> _Available data_:

>>

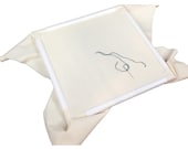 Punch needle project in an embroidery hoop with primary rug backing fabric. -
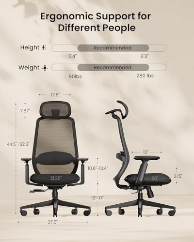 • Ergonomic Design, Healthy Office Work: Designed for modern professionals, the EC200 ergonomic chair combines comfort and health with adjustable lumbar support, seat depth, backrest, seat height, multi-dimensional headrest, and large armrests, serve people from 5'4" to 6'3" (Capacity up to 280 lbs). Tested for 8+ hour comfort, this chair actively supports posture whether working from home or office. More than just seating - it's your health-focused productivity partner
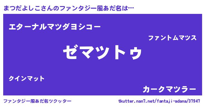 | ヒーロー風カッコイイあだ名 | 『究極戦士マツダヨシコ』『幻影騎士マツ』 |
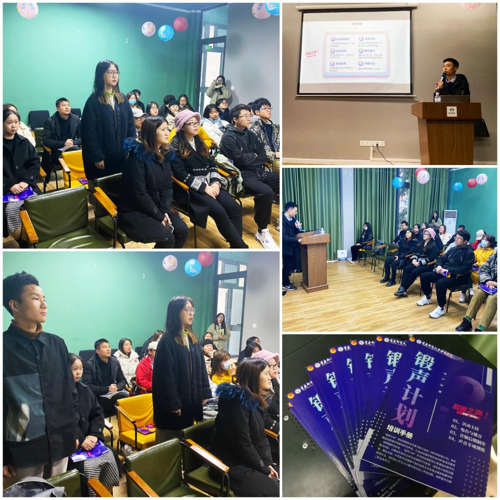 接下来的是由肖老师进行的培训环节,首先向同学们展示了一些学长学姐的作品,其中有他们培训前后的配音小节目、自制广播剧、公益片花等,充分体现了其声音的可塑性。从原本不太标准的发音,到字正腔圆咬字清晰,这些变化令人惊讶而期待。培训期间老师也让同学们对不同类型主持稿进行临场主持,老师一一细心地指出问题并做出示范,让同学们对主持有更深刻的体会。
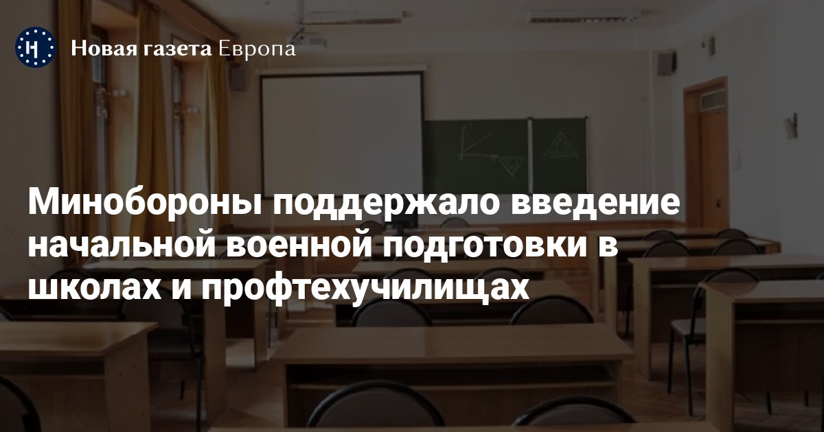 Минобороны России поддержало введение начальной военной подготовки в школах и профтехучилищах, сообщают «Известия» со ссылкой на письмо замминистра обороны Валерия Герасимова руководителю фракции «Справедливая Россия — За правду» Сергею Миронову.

<<
>>

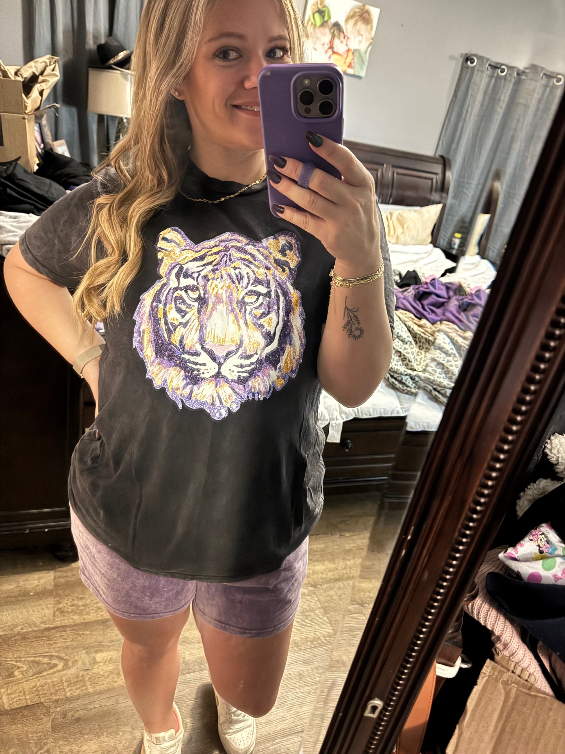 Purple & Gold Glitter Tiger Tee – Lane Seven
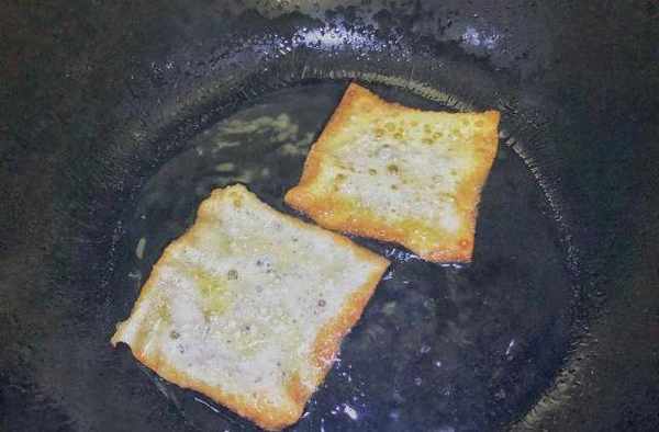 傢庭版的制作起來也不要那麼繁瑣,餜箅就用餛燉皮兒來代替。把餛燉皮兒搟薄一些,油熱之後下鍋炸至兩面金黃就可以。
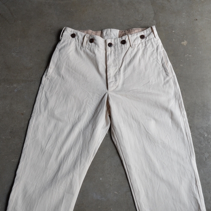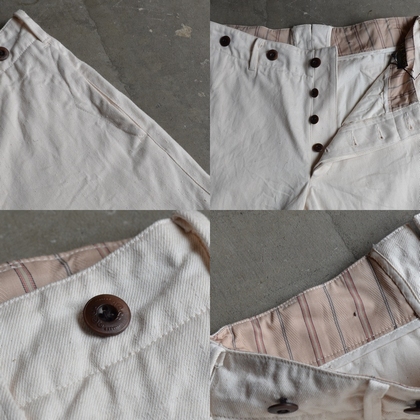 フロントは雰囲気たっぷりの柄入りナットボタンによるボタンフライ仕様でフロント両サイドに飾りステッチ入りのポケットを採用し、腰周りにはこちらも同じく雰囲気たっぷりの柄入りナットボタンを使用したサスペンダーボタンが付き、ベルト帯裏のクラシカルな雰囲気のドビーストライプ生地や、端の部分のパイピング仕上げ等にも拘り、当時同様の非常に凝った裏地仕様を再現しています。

<<
>>

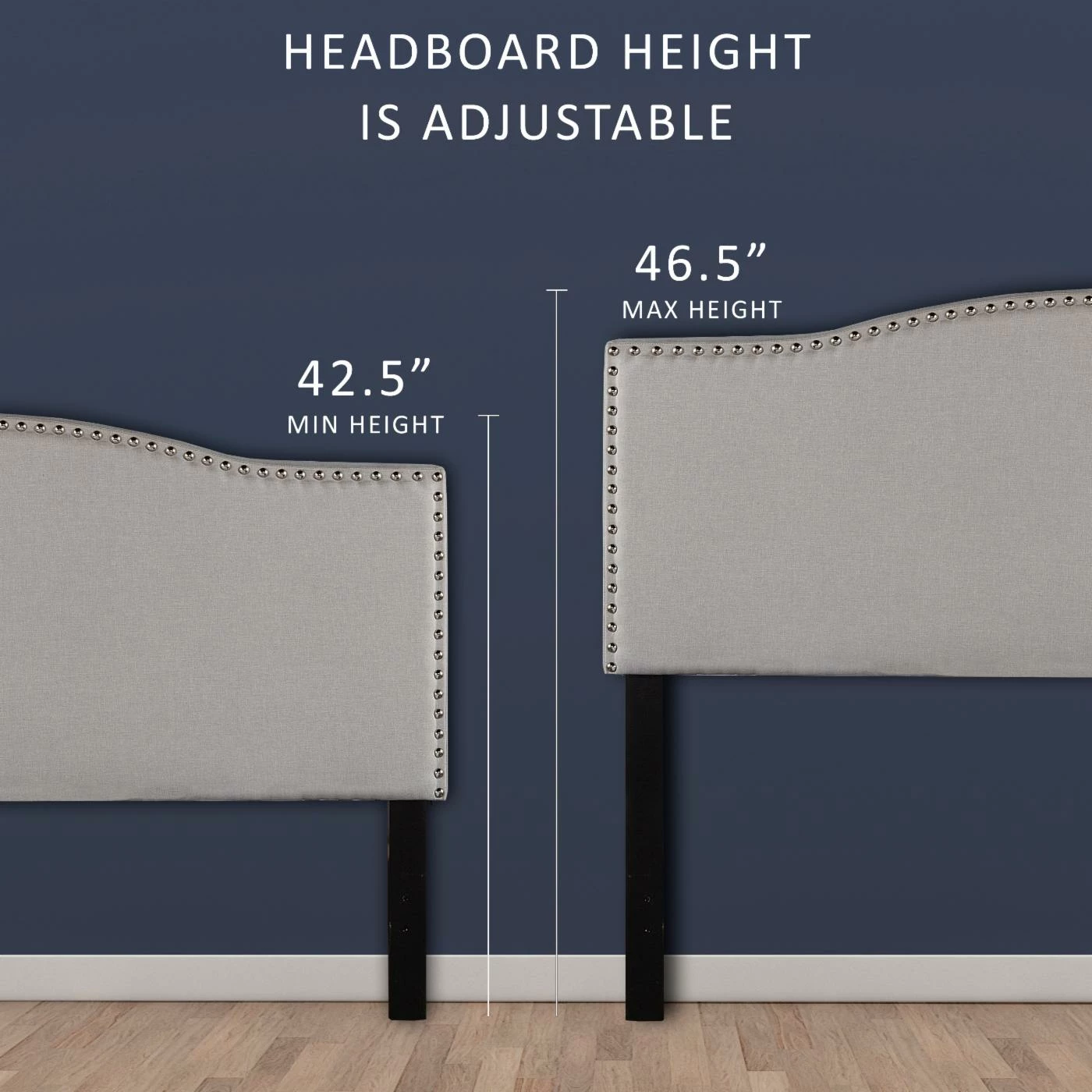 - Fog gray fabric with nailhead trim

<<

In the records above, find the line with "health-focused productivity partner" and the line with "Минобороны России поддержало"; please transcribe exactly those two lines and all lines between them, omitting any picture.

 • Ergonomic Design, Healthy Office Work: Designed for modern professionals, the EC200 ergonomic chair combines comfort and health with adjustable lumbar support, seat depth, backrest, seat height, multi-dimensional headrest, and large armrests, serve people from 5'4" to 6'3" (Capacity up to 280 lbs). Tested for 8+ hour comfort, this chair actively supports posture whether working from home or office. More than just seating - it's your health-focused productivity partner
 | ヒーロー風カッコイイあだ名 | 『究極戦士マツダヨシコ』『幻影騎士マツ』 |
 接下来的是由肖老师进行的培训环节,首先向同学们展示了一些学长学姐的作品,其中有他们培训前后的配音小节目、自制广播剧、公益片花等,充分体现了其声音的可塑性。从原本不太标准的发音,到字正腔圆咬字清晰,这些变化令人惊讶而期待。培训期间老师也让同学们对不同类型主持稿进行临场主持,老师一一细心地指出问题并做出示范,让同学们对主持有更深刻的体会。
 Минобороны России поддержало введение начальной военной подготовки в школах и профтехучилищах, сообщают «Известия» со ссылкой на письмо замминистра обороны Валерия Герасимова руководителю фракции «Справедливая Россия — За правду» Сергею Миронову.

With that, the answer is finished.